For very high throughput, use acks=1 (only leader) and accept slightly higher loss risk in exchange for 2-3x speed.

Consumer: the scraper worker

A consumer that fetches URLs and produces results:

# scraper_worker.py
from confluent_kafka import Consumer, Producer, KafkaError
import json
import requests
import time
import logging
from collections import defaultdict

logging.basicConfig(level=logging.INFO)
logger = logging.getLogger(__name__)

consumer = Consumer({
    "bootstrap.servers": "kafka:9092",
    "group.id": "scrapers",
    "auto.offset.reset": "earliest",
    "enable.auto.commit": False,
    "max.poll.interval.ms": 600000,  # 10 min
    "session.timeout.ms": 30000,
})
consumer.subscribe(["urls"])

producer = Producer({
    "bootstrap.servers": "kafka:9092",
    "compression.type": "lz4",
    "acks": "all",
})

# Per-host last-fetch timestamps for throttling
last_fetch = defaultdict(float)
HOST_DELAY = 1.5  # seconds between same-host requests

def scrape(url: str) -> dict:
    from urllib.parse import urlparse
    host = urlparse(url).hostname

    # Per-host throttle
    elapsed = time.time() - last_fetch[host]
    if elapsed < HOST_DELAY:
        time.sleep(HOST_DELAY - elapsed)
    last_fetch[host] = time.time()

    resp = requests.get(url, timeout=30, headers={
        "User-Agent": "Mozilla/5.0 (Windows NT 10.0; Win64; x64) AppleWebKit/537.36 ...",
    })
    return {
        "url": url,
        "status": resp.status_code,
        "html": resp.text if resp.status_code == 200 else None,
        "fetched_at": int(time.time()),
    }

def send_to_dlq(message_value: bytes, error: str):
    producer.produce(
        topic="dlq",
        key=message_value,
        value=json.dumps({
            "original": json.loads(message_value),
            "error": error,
            "failed_at": int(time.time()),
        }).encode(),
    )

while True:
    msg = consumer.poll(timeout=1.0)
    if msg is None:
        continue
    if msg.error():
        if msg.error().code() == KafkaError._PARTITION_EOF:
            continue
        logger.error(f"Consumer error: {msg.error()}")
        continue

    payload = json.loads(msg.value())
    url = payload["url"]

    try:
        result = scrape(url)
        if result["status"] == 200:
            producer.produce(
                topic="pages",
                key=url.encode(),
                value=json.dumps(result).encode(),
            )
        elif result["status"] >= 500:
            send_to_dlq(msg.value(), f"HTTP {result['status']}")
        # else: 4xx errors are skipped (404, 403, etc.)
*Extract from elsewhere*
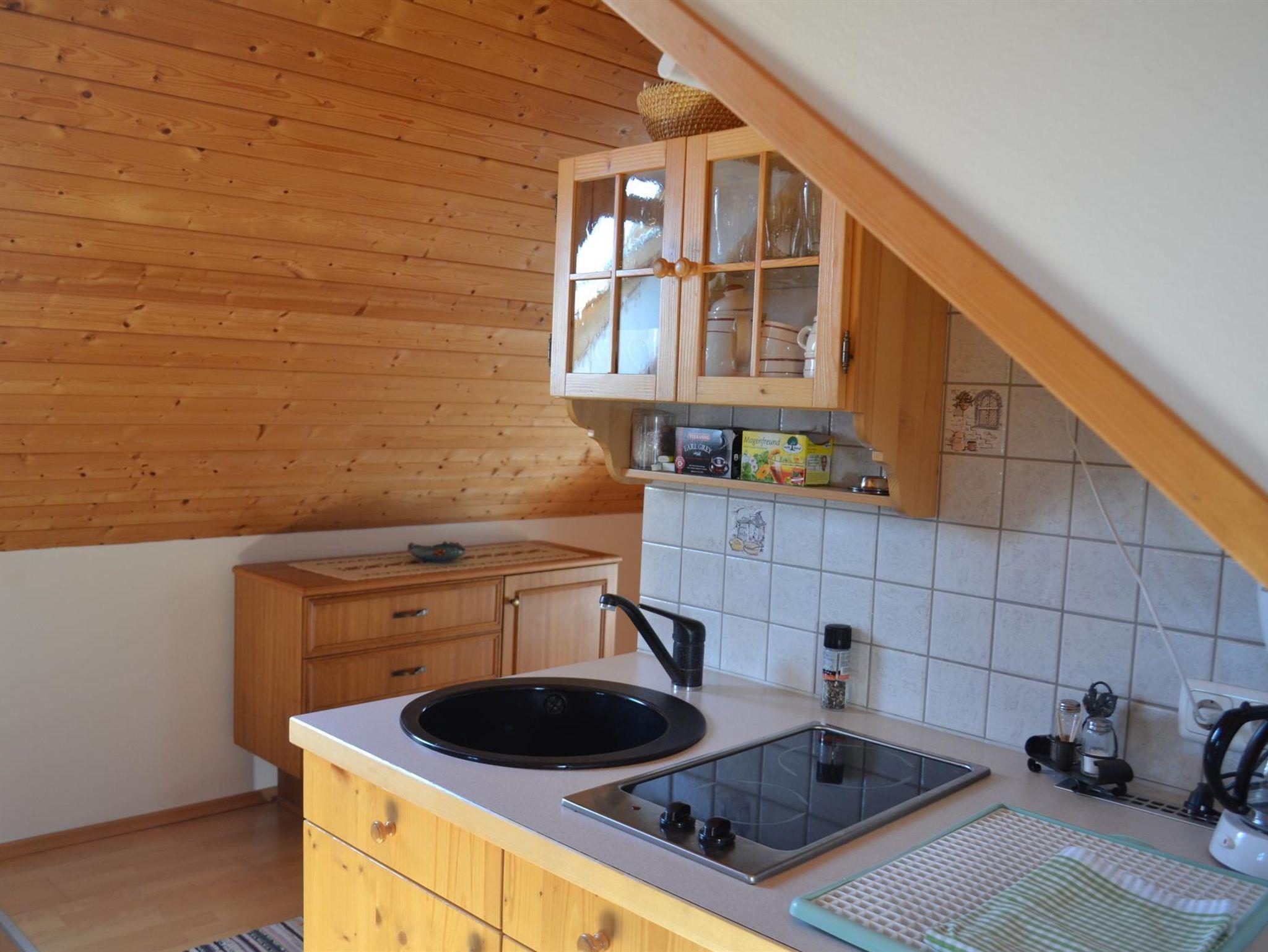 Ferienwohnung mit ca. 40 qm Wohnfläche im Dachgeschoss (Schlafzimmer mit Doppelbett und zwei Zustellbetten), TV, Dusche, WC, Kochecke, überdachter PKW-Abstellplatz, Sitzterrasse.

        consumer.commit(msg)  # commit offset only on success or known-skip
    except Exception as e:
        logger.error(f"Failed to scrape {url}: {e}")
        send_to_dlq(msg.value(), str(e))
        consumer.commit(msg)  # still commit, DLQ has the message

Key choices:

  • enable.auto.commit=False: manual commit so we only advance after processing
  • Per-host throttle via last_fetch dict
  • DLQ for transient errors (5xx, exceptions)
  • Skip 4xx errors (404, 403 are usually permanent for that URL)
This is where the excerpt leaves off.